The authors compare different training strategies and methods on the CrowdHuman dataset, focusing on the impact of step-by-step training. Results show that using step-by-step training consistently improves performance across all methods, with the largest gains observed in the DINO and H-DETR models. The Baseline method without step-by-step training performs significantly worse, highlighting the importance of this training strategy for achieving high accuracy. Step-by-step training significantly improves performance across all evaluated methods. The Baseline method without step-by-step training shows the lowest accuracy, indicating its importance. DINO and H-DETR benefit the most from step-by-step training, showing substantial performance improvements.
The authors compare DEYO-X with several existing methods on a benchmark, showing that DEYO-X achieves higher AP50 and recall while using more epochs than the other methods. Results show that DEYO-X outperforms the competitors in terms of AP50 and recall, with a notable improvement in AP50 compared to methods like Deform DETR and DW. DEYO-X achieves the highest AP50 and recall among the compared methods. DEYO-X uses significantly more epochs than the other methods, indicating a longer training process. DEYO-X shows a substantial improvement in AP50 over methods like Deform DETR and DW.
{"summary": "The authors compare DEYO, a query-based object detector, with classic YOLOv8 models on the COCO dataset, highlighting DEYO's superior accuracy and speed across various scales. The results show that DEYO achieves higher average precision and recall while maintaining faster inference speeds compared to YOLOv8, with performance improvements increasing as model scale grows.", "highlights": ["DEYO achieves higher accuracy and recall than YOLOv8 across all scales while maintaining faster inference speeds.", "DEYO shows improved performance with increasing model scale, particularly in accuracy and recall metrics.", "DEYO demonstrates a better trade-off between accuracy and speed compared to YOLOv8, especially in larger model variants."]

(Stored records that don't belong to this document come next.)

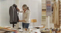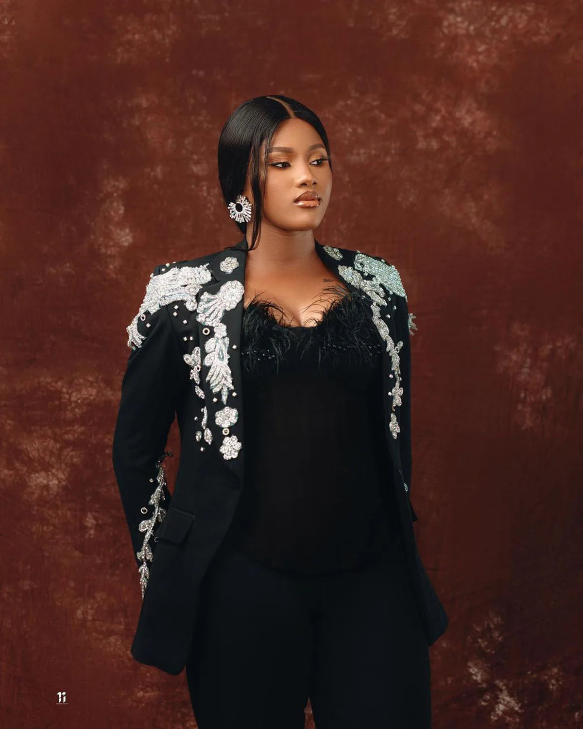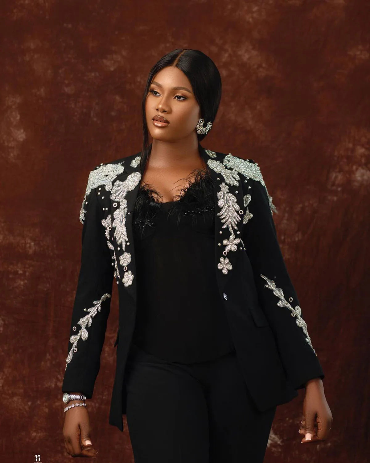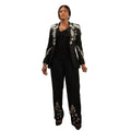 Elegante conjunto de blazer y pantalón de talla grande con cuentas de cristal negro y solapa de pico para un uso diario elegante.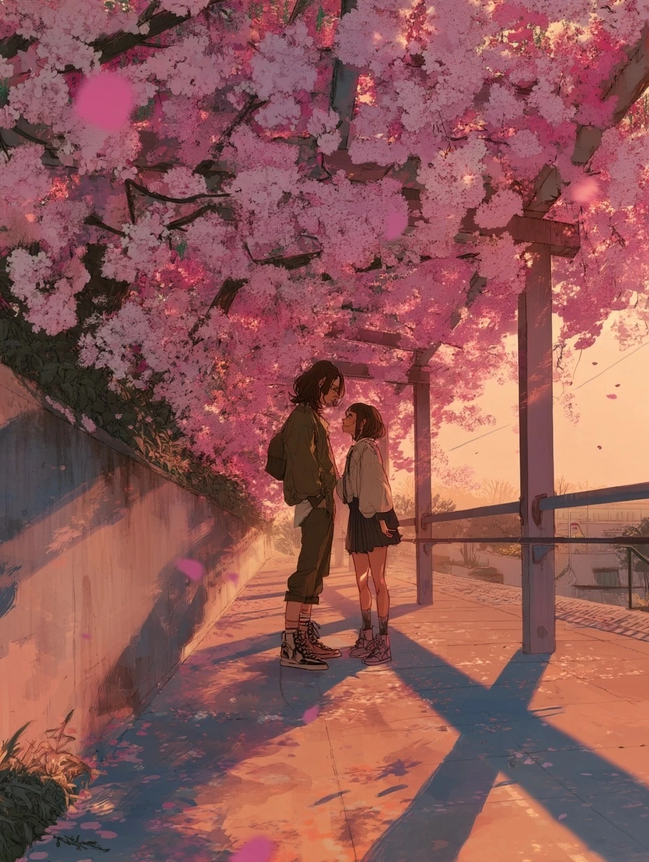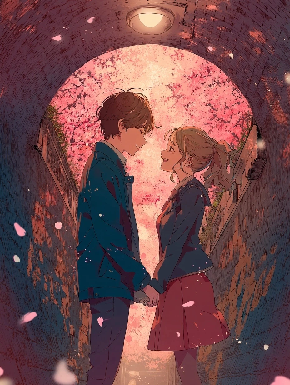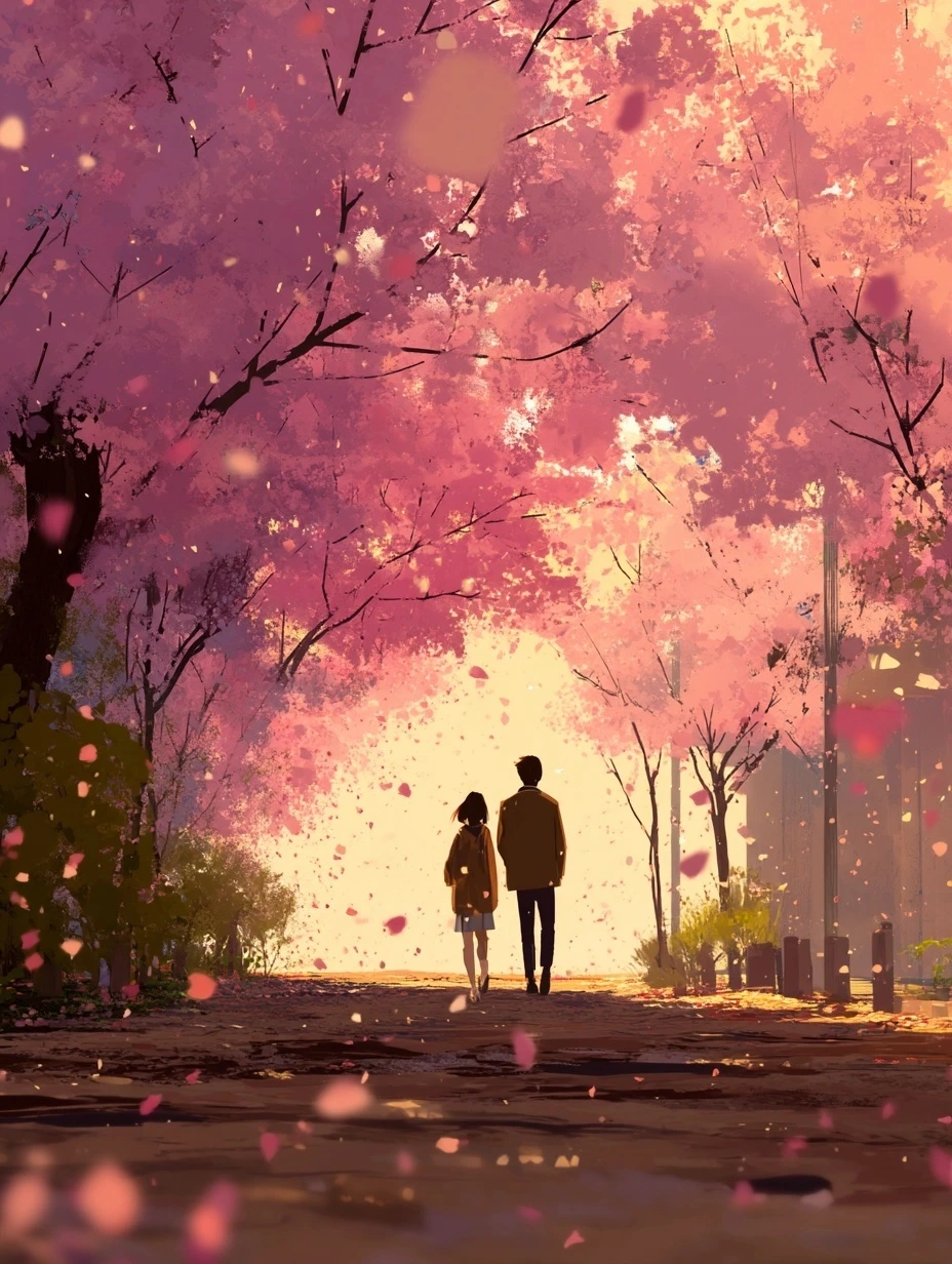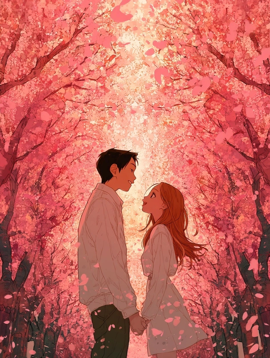 햇살이 부드럽게 내리던 어느 봄날, 우리는 벚꽃 터널 아래를 걸었다.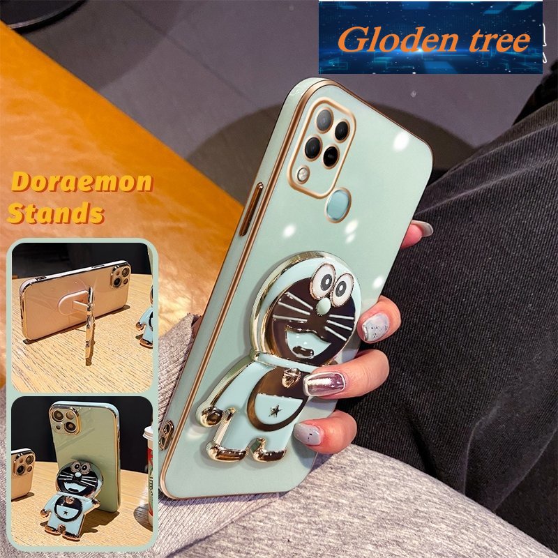 Handphone & Aksesoris > Casing & Skin > Casing & Skin Handphone > Gloden tree Casing Untuk Infinix Hot 10s NFC Hot 10T Case Fashion Kartun Doraemon Lipat Stand Phone Case Electroplating Shockproof Phone Holder Case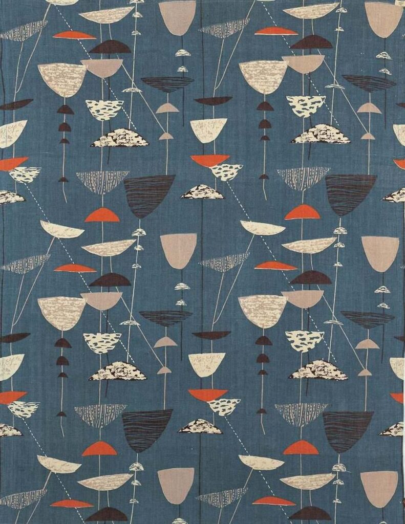 1950년대 초, 루시엔 데이는 전후의 피로감이 짙게 깔린 영국의 풍경 속에 생소한 색과 움직임을 불어넣었다. 산업화의 질서가 지배하던 잿빛 일상에서 그녀는 직물이라는 캔버스 위에 살아 있는 자연의 형태를 그려 넣었다. 그녀의 대표작인 <Calyx>는 그 정점에 있다. 식물의 꽃받침에서 영감을 얻은 이 패턴은 단순히 장식적인 요소를 넘어, 전후 영국 사회가 갈구하던 ‘회복’과 ‘성장’의 상징이었다.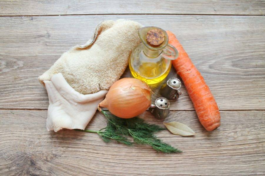 Рубец выложите в кастрюлю, залейте водой и доведите до кипения. Затем слейте бульон и промойте. Добавьте в кастрюлю зелень, перец горошком, лавровый лист, порезанные овощи и залейте водой, посолите. Доведите все до кипения и варите на среднем огне в течение 1,5-2 часа.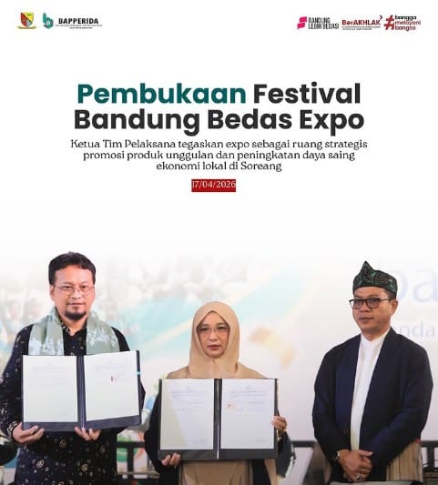 BANDUNG – Pemerintah Kabupaten Bandung resmi membuka Bandung Bedas Expo 2026 di area expo setempat, Jumat (17/4). Gelaran dalam rangka Hari Jadi ke-385 Kabupaten Bandung ini menjadi strategi mendorong UMKM dan produk kerajinan lokal menembus pasar yang lebih luas.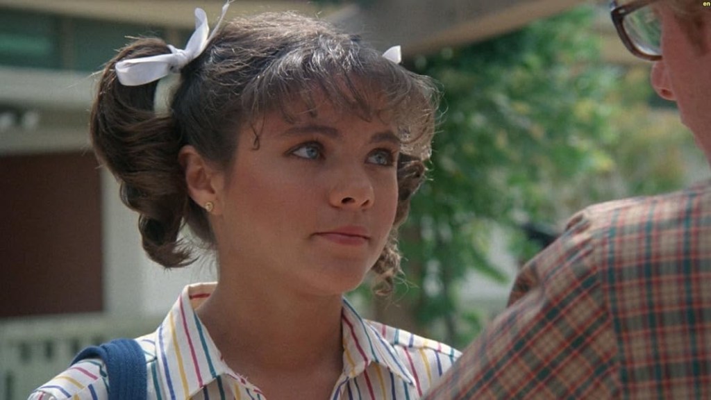 Written and directed by Robert Vincent O’Neil, Angel’s plot is summed up beautifully by its all-time great tagline: “High school honor student by day. Hollywood hooker by night.” Petite, fresh-faced beauty Donna Wilkes stars as Los Angeles area high schooler Molly—hooker name: Angel—whose delinquent parents split and left her to fend for herself. By day, Molly goes to a fancy private school, gets good grades, and looks sweet as pie in her pigtails, stylish blazer, and schoolgirl miniskirt. By night, Angel prowls Hollywood Boulevard in tight tops, micro-minis, and heels for johns because she needs to make her own living since being abandoned. No one at school knows what Molly does during her after hours time. While she’s alone at home, she’s become part of a found family at her night job, consisting of a motley crew of fellow prostitutes and street performers.

The authors conduct experiments on COCO and CrowdHuman datasets to evaluate the performance of DEYO in object detection tasks, comparing it with YOLOv8 and RT-DETR. The results show that DEYO achieves higher accuracy and speed, particularly in dense detection scenarios, and demonstrates strong performance with a consistent input size. The ablation study highlights the importance of the pre-trained Neck and step-by-step training strategy in improving model performance. DEYO achieves higher AP50 compared to the baseline model when using a pre-trained Neck. The use of a pre-trained Neck significantly improves the performance of DEYO. DEYO demonstrates strong performance in dense detection scenarios with real-time speed.
The experiments evaluate DEYO across multiple model scales and training configurations, validating that extended training durations and larger architectures consistently enhance detection accuracy. Comparative analyses against established methods on standard benchmarks demonstrate that DEYO achieves superior accuracy and real-time inference speed, particularly in dense object detection scenarios. Ablation studies further confirm that structured training protocols and a pre-trained neck module are critical drivers of this performance gain. Overall, the results establish DEYO as a scalable and efficient detector that outperforms existing baselines while maintaining a favorable balance between precision and computational efficiency.